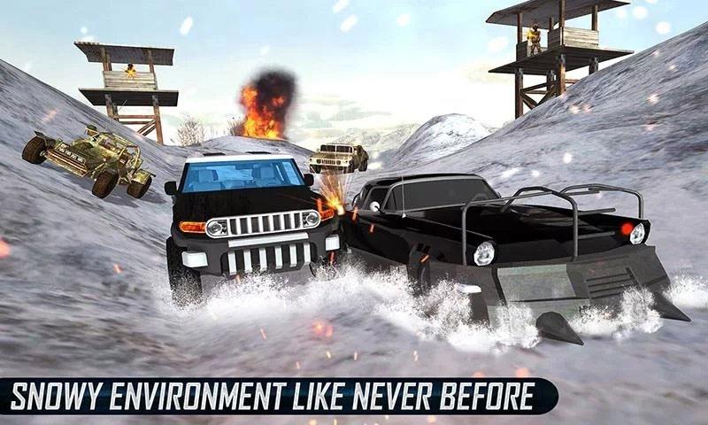 3、一场刺激的驾驶战斗的游戏体验,感受在这个雪地之中进行刺激的战斗;
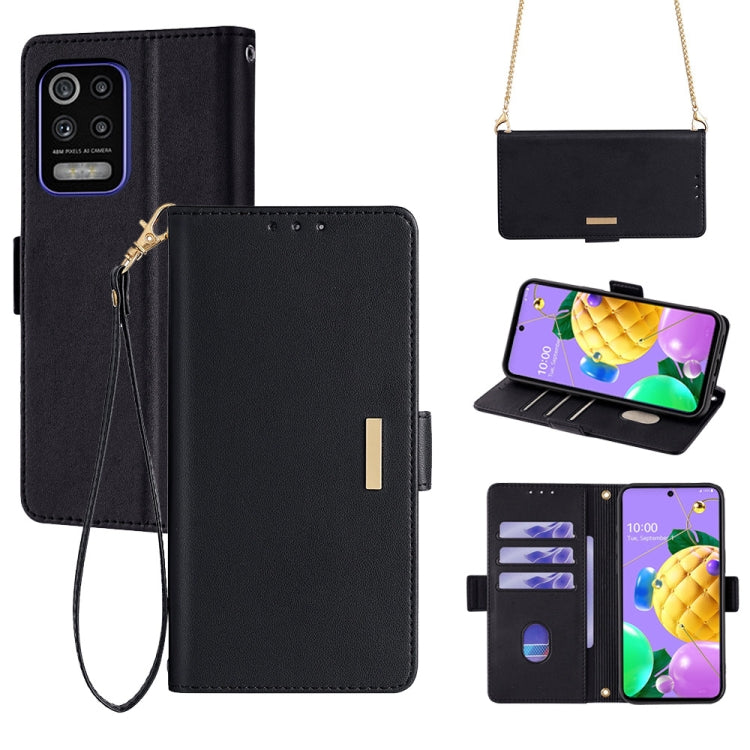 Funda de Cuero para LG K52 con Cadena Cruzada para Teléfono (Negro)
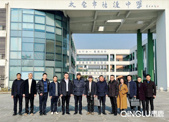 調(diào)研組在太倉市陸渡中學書記、校長沈兵等校領導的陪同下,參觀陸渡校園,共話智慧教育。
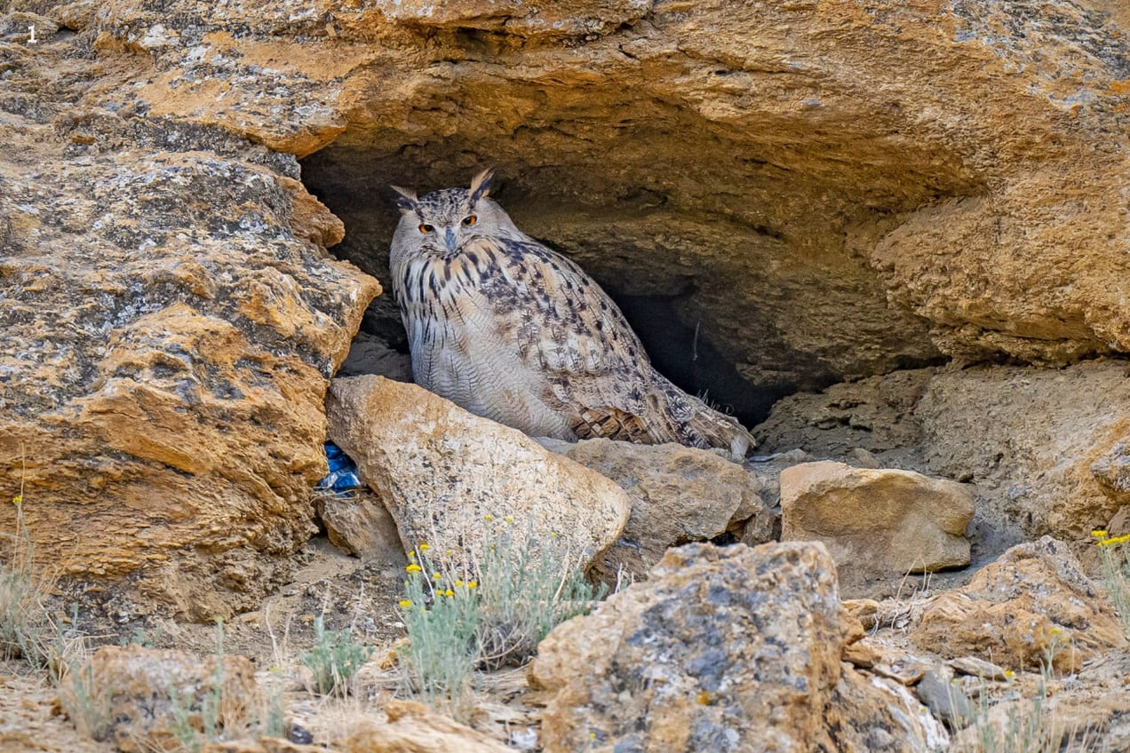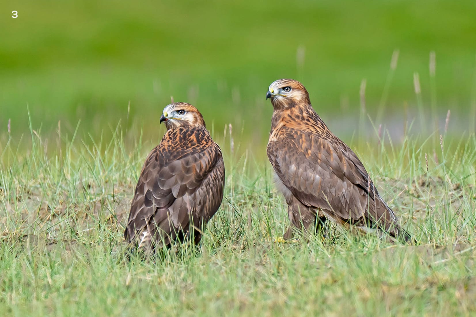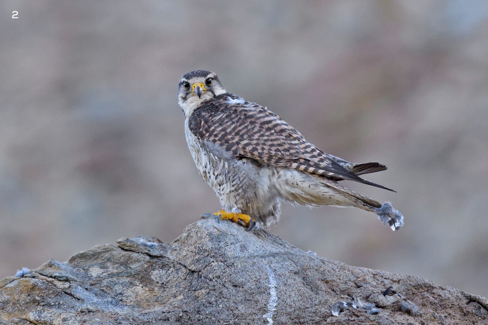 The Hanle marshes and the adjoining arid, steep, rocky, cliff-dominated hills are home to numerous birds of prey. (1) The Eurasian eagle owl (Bubo bubo) is one of the largest owls globally and a top predator. Bright pumpkin orange eyes, feathery ear-tufts and mottled feathers make Eurasian eagle owls visually striking birds. They are very effective hunters owing to their large, powerful feet, shallow wing beats, and fast glide. Eurasian eagle owls may live up to 20 years in the wild. Another predatory bird in the Hanle marshes is the (2) peregrine falcon (Falco peregrinus). The Milkha Singh or Usain Bolt of predatory birds, peregrine falcons have been recorded to clock a diving speed of 390 km per hour. Adults have grey backs and long wings that almost reach the tip of the tail. Peregrine falcons are adaptable and occur in various habitats, including steep cliffs, coastal mudflats, and urban areas. Another raptor found in Hanle is the (3) upland buzzard (Buteo hemilasius), which mostly preys on voles, marmots, and pikas but is known to feed on the eggs of other birds as well.

.....

**REQUIRED ACTION:** Give the lines above again exactly, from the one containing "Funda de Cuero" to the one containing "調(diào)研組在太倉市陸", both included, but leave out the pictures.

**RESULT OF THIS TASK:**
 Funda de Cuero para LG K52 con Cadena Cruzada para Teléfono (Negro)
 調(diào)研組在太倉市陸渡中學書記、校長沈兵等校領導的陪同下,參觀陸渡校園,共話智慧教育。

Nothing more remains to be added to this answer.